Natürlich sollte man keine kaputten Augen haben, sprich wer schon solche auf 30 Frames begrenzte Zockerglubscher hat und nicht mal den Unterschied zwischen 30 und 60 FPS erkennt (allerbeste Grüße an Bremse übrigens... [emoji1]) kann sich diesen Monitor-Luxus gleich sparen. [emoji6]
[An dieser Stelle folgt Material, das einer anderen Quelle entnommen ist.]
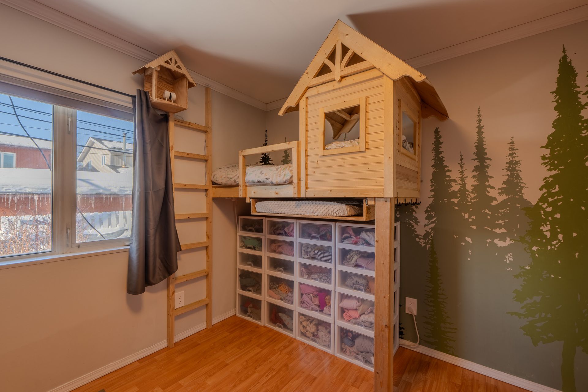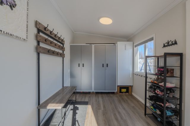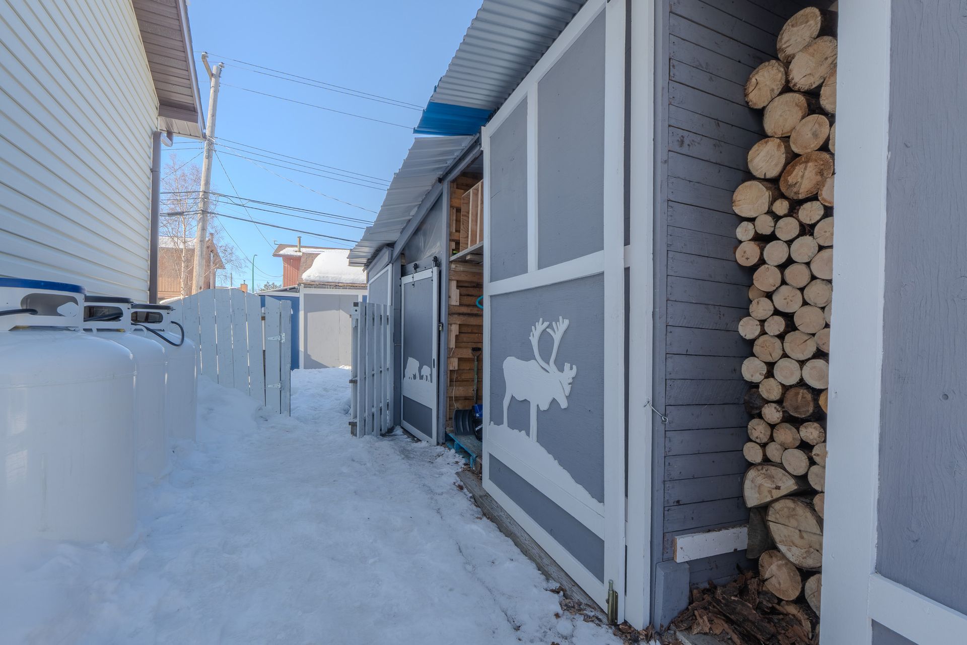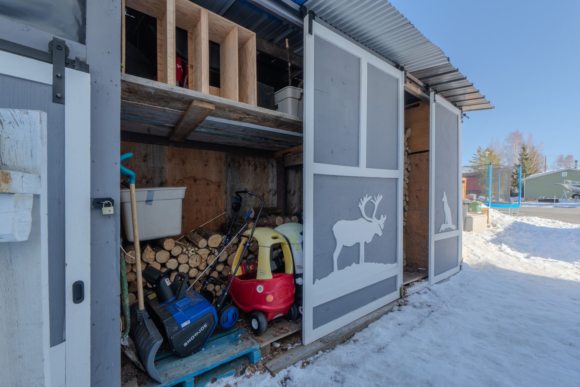 The front yard provides parking for 4+ vehicles, along with a large front deck complete with garden boxes. Along the side of the home, a custom lean-to offers excellent storage for several cords of wood, outdoor equipment, and bikes.
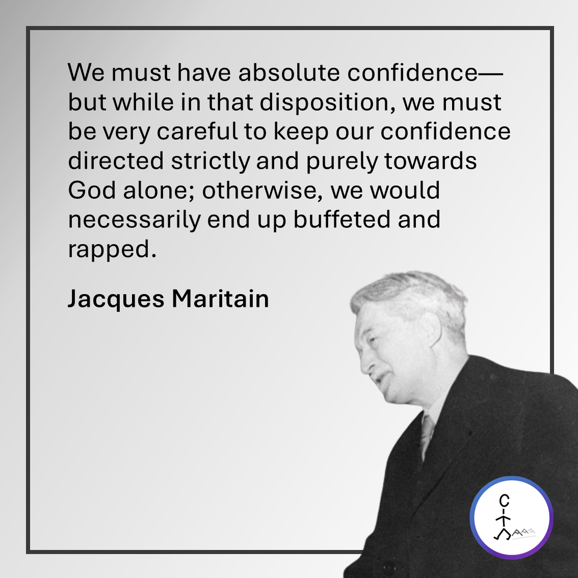 We must have absolute confidence—but while in that disposition, we must be very careful to keep our confidence directed strictly and purely towards God alone; otherwise, we would necessarily end up buffeted and rapped. — Jacques Maritain
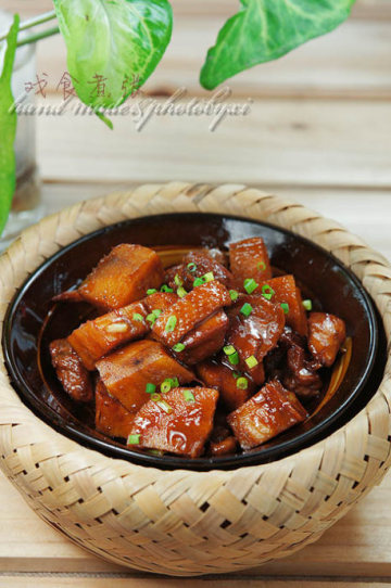 6、最后调成大火,加入生抽、海鲜酱和冰糖,收干汁即可。
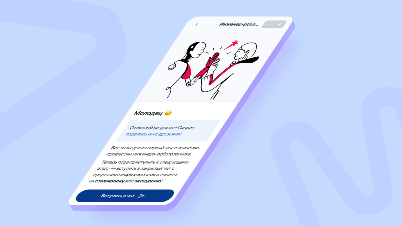 Экран с результатами показывает, успешно был пройден кейс или нет. Также на этом экране находится подборка фильмов и книг и кнопка «Вступить в чат».

Vsync-Probleme bei weniger Frames habe ich nicht bemerkt, dafür hab ich ein anderes optisches Problem (hab darüber schon einen Thread gestartet), das aber mit allergrößter Wahrscheinlichkeit nicht mit dem Gerät zusammenhängt.


----------



## Sturm-ins-Sperrfeuer (17. Mai 2015)

sauerlandboy79 schrieb:


> Auch bei Spielen mit 60 FPS-Lock oder wenn aus Performance-Gründen keine 144 erreicht werden, es sieht generell viel weicher aus.
> 
> Natürlich sollte man keine kaputten Augen haben, sprich wer schon solche auf 30 Frames begrenzte Zockerglubscher hat und nicht mal den Unterschied zwischen 30 und 60 FPS erkennt (allerbeste Grüße an Bremse übrigens... [emoji1]) kann sich diesen Monitor-Luxus gleich sparen. [emoji6]
> 
> Vsync-Probleme bei weniger Frames habe ich nicht bemerkt, dafür hab ich ein anderes optisches Problem (hab darüber schon einen Thread gestartet), das aber mit allergrößter Wahrscheinlichkeit nicht mit dem Gerät zusammenhängt.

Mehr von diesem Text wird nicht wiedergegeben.